In view of the communication delays of the period the act was brought together in remarkably short time. Despite local rumours of several ships from various ports by which members might be expected individually the party sensibly assembled in Sydney and crossed to Auckland in the Prince Alfred. The ten days between their arrival on 23 July and their departure for Wellington on 3 August were occupied in the formalities of their appointment and a visit to the Waikato. Press detail on their Auckland activities is understandably meagre. The province, after all, had asked them not to come. There certainly would have been a meeting with Grey who as Governor had signed and presumably handed over the formal commission of 29 July I<s authorising them to nominate a site in accordance with the quoted resolution.
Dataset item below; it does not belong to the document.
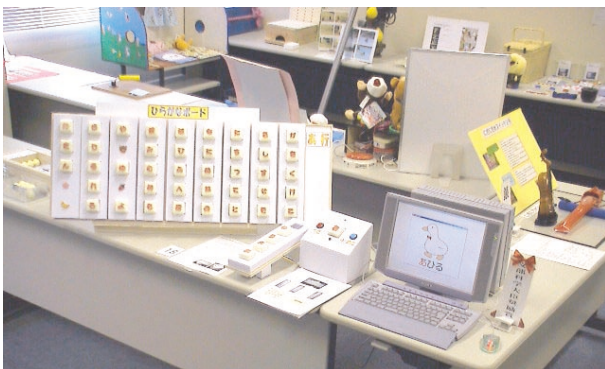
“Hiragana board” to promote to understanding Japanese letters for children with intellectual disabilities

The ever facetiously superior Daily Southern Cross honoured them with a leading article of two columns on how their task appeared from the capital:
These gentlemen of high character and position have been chosen by three Governors of equally high character and yet more lofty position... some of us may feel a shade of disappointment at the thought. Dear me, these men are, after all, very like our selves... heroes... [to] face the terrors of Cooks Straits in winter... of all places the least likely to become the seat of Government in New Zealand... 19
Although the campaign in the Waikato had virtually ended with the battle of Orakau four months earlier, many of the troops were still in camp and significant skirmishing was continuing on the southern and eastern limits of British power. The Herald’s Te Awamutu correspondent reported their arrival at the camp on 28 July with an A.D.C. to be greeted by General Carey. A garbled placename suggests that Kihikihi might have been their furthest night stop but the journalist gloating in revolting prose at the territorial spoils of the campaign could only say that ‘... they must have been impressed with the resources of this vast and inexhaustible tract of country’. 20 He would have been disappointed at Docker’s impressions in his first surviving letter:
What we have seen of the interior has uniformly consisted of bare undulating plains covered with fern instead of grass and without a tree or shrub for fifty miles at a stretch interspersed with swamps on which the flax grows... occasionally these swamps collect into small lakes which when they have a few trees near them are picturesque enough but then you cannot get near them as these margins are all swampy...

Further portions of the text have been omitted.